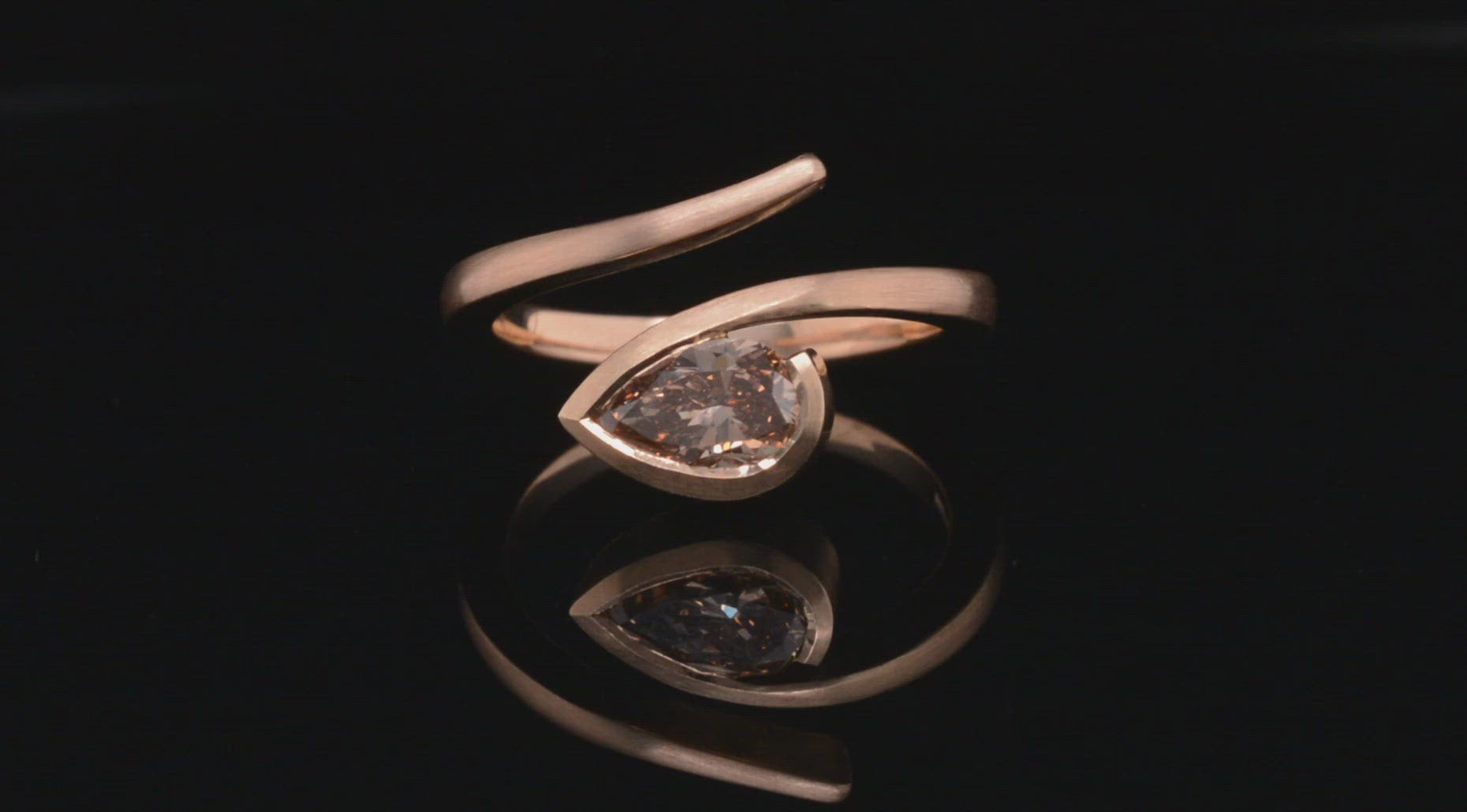 'Twist' rose gold engagement ring with pear shaped cognac diamond
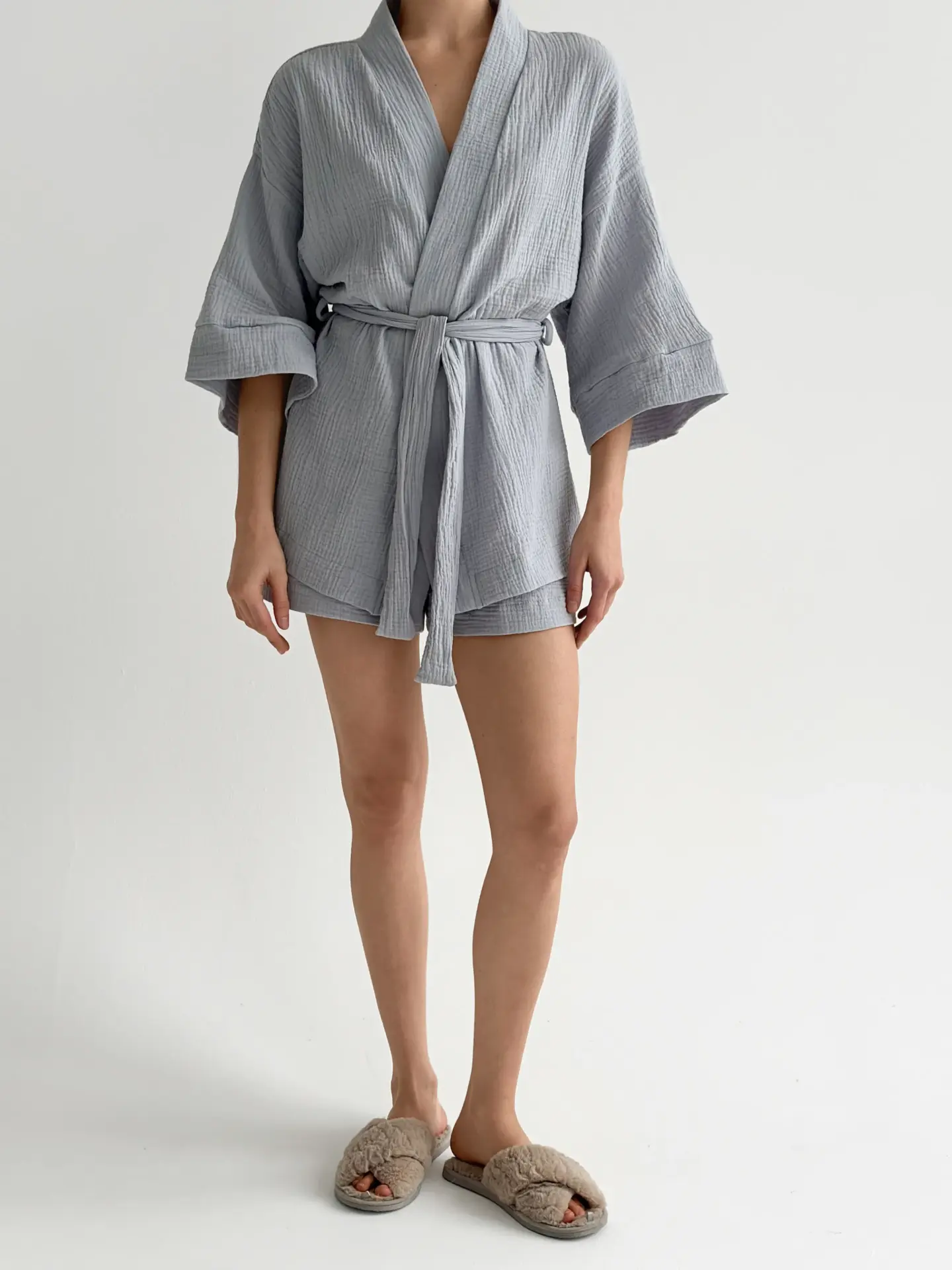 Халат Кімоно короткий муслін сірий 2-х сл.
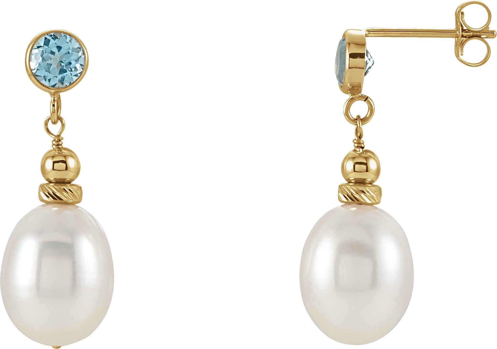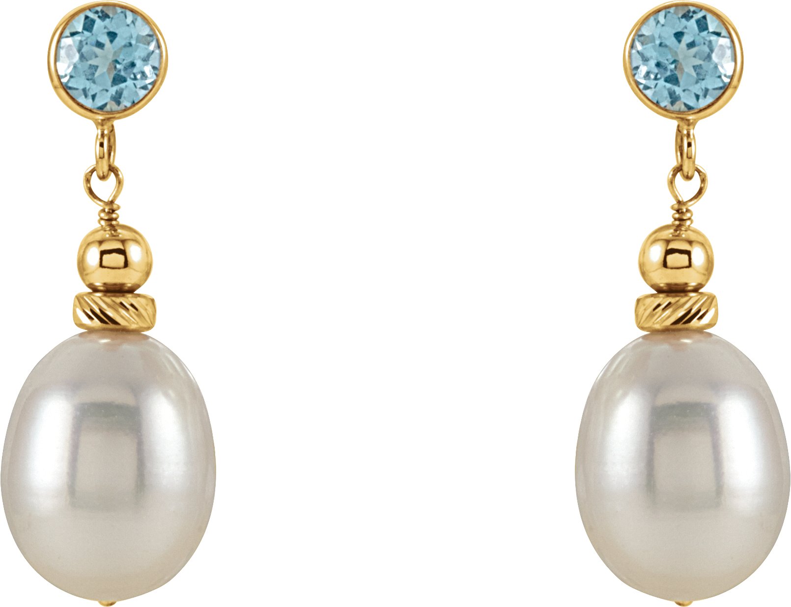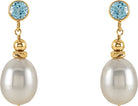 14K Yellow Cultured White Freshwater Pearl & Natural Swiss Blue Topaz Earrings
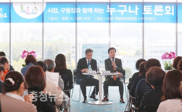 허태정 대전시장은 2일 유성구에서 ‘누구나 토론회’ 일정을 시작했다.

+ + + + +

### The problem:
Do not include the pictures. Quote only the lines from the line with "Халат Кімоно короткий муслін сірий 2-х сл." through the end of the material, both ends included, exactly.

### Task response:
 Халат Кімоно короткий муслін сірий 2-х сл.
 14K Yellow Cultured White Freshwater Pearl & Natural Swiss Blue Topaz Earrings
 허태정 대전시장은 2일 유성구에서 ‘누구나 토론회’ 일정을 시작했다.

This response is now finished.